You're pretty quick to assume I don't. Believe me, I understand. I just don't agree that it's a good idea to mix up object lifetimes and execution context by using destructors to "magically" release locks etc. It never was. The mistakes were made years ago.
I'm not quick to judge (in this case). I'm judging after careful consideration, because I know the difference between good and bad patterns. The ones being hasty are those who mistake their own comfort level with something (often because they know nothing else) for actual merit.
C++ without deterministic destructors to manage lifetime would be a (fundamentally) different language.
Furthermore, also disagree with you that it would be a better language. C++ has many warts but object lifetime and RAII is amongst its strong suits (unarguably, I thought — yes, resource lifetime is complex, but it’s inherently so; C++ just makes the complexity explicit and handles it in a good way). Handling resource lifetime in languages with nondeterministic GCs can be such a pain that it has fundamental, detrimental impact on the architecture. Just look at .NET’s handling of `Dispose`. I’ve written a ton of .NET GUI code, and handling resource lifetime (in particular GDI+) is an absolute pain point, which is uniquely caused by the lack of deterministic object lifetime.
> C++ without deterministic destructors to manage lifetime would be a (fundamentally) different language.
The problem is that it's not usefully deterministic once you add in exceptions, shared pointers, move semantics, lambda captures, etc. Not to mention every perverse combination of those things. Yes, it's deterministic in the tautological sense that almost everything is deterministic given enough information, but I'm not sure that's enough even for the people who write the compilers. Even they have bugs related to misunderstanding this "deterministic" system. I certainly wouldn't want to make it less deterministic, and defer certainly doesn't make it so.
> resource lifetime is complex, but it’s inherently so
A certain amount of complexity is natural, a certain amount is spurious and self-inflicted. See above for some of the causes of that spurious complexity.
> C++ just makes the complexity explicit
Being explicit about memory management isn't a goal. C is even more explicit about these things. Does that make it a better language? Even in C++, new/delete is more explicit than most of the current idioms, and every book on modern C++ recommends against them. Explicit memory management should be a last resort, for the cases not handled cleanly by the language's other constructs, and those should be kept to a minimum. C++ has notably failed at that. Literally every other popular language except for C does better.

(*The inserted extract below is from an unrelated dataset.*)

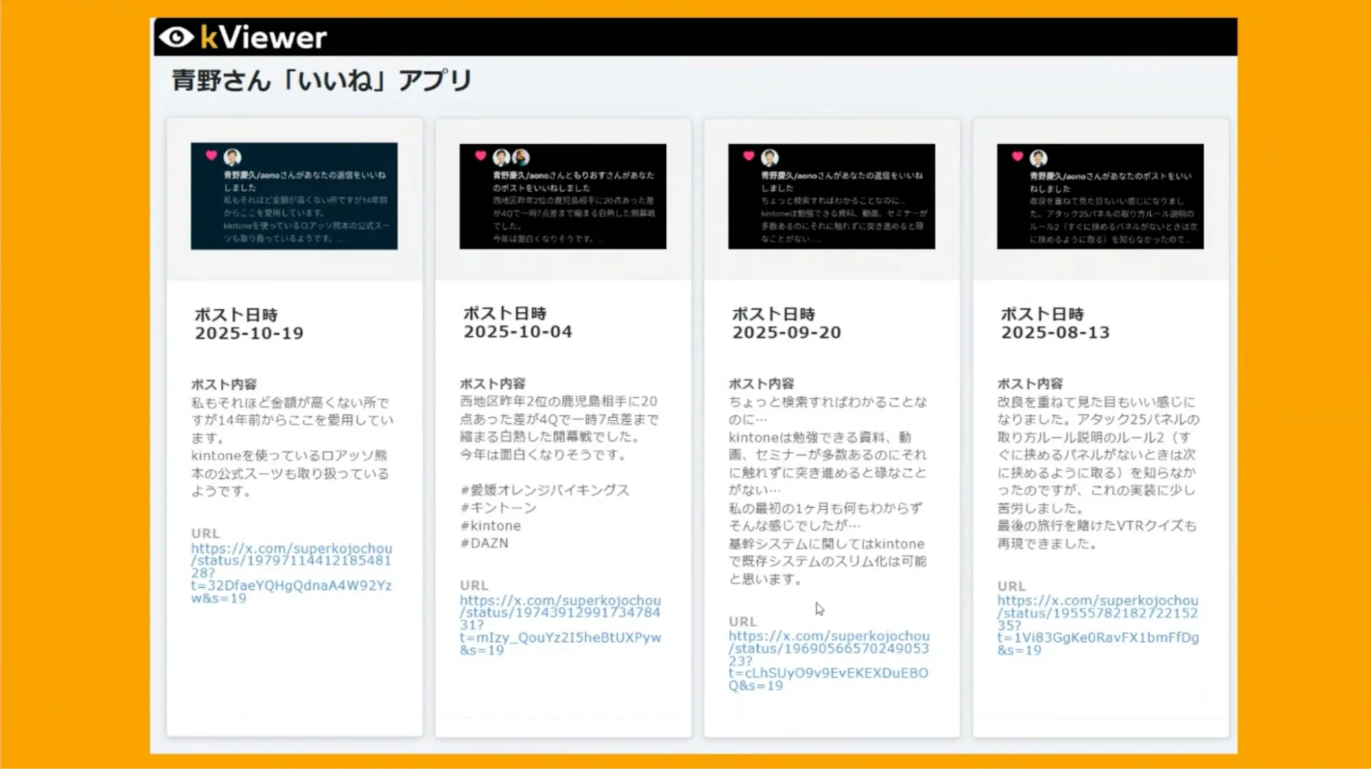 こちらは、サイボウズ社長の青野さんからXで「いいね」が来たら、そのスクリーンショットと共に日時などの情報をkintoneに登録し、それがビューで公開されるというものです。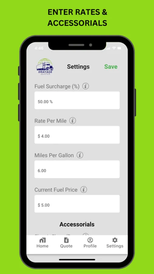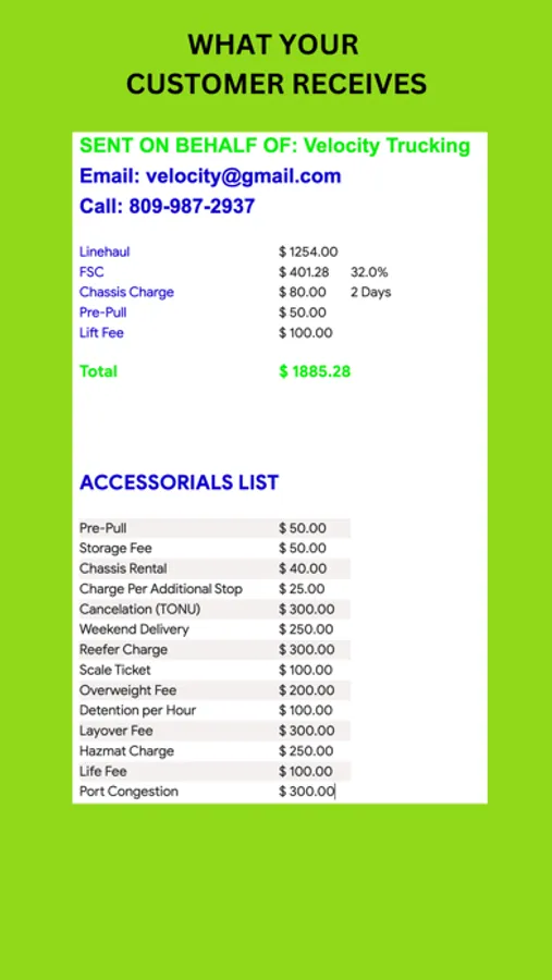 Customize your quote by entering your accessorial charges, such as FSC, Rate Per Mile, Detention, Storage Fee, Chassis Fee and many others.

> Handling resource lifetime in languages with nondeterministic GCs can be such a pain
Do you really see no alternatives between dumping all memory-management complexity on the programmer and a full tracing GC? The authors of Objective C's automatic reference counting or Rust's borrow checker might take issue with that, as would the people who developed the memory-lifetime rules and infrastructure for all of the bigger older C codebases I mentioned in another comment. It is in fact possible for object lifetimes to be far more deterministic than in C++ as it exists today, and I for one think that would be a good thing.
> The problem is that it's not usefully deterministic once you add in exceptions, shared pointers, move semantics, lambda captures, etc.
No, it really is, even in the presence of the things you mentioned. That’s the whole point.
> Being explicit about memory management isn't a goal. […]
I get the impression that you’re confusing explicit and manual memory management. They’re not the same.
> Do you really see no alternatives between dumping all memory-management complexity on the programmer and a full tracing GC?
Of course I do, but the alternatives aren’t without their own problems. I’m curious how Rust will fare but Objective C’s ARC, while attractively simple, has performance implications, and then there’s the problem with cycles.
> The problem is that it's not usefully deterministic once you add in exceptions, shared pointers, move semantics, lambda captures, etc. Not to mention every perverse combination of those things.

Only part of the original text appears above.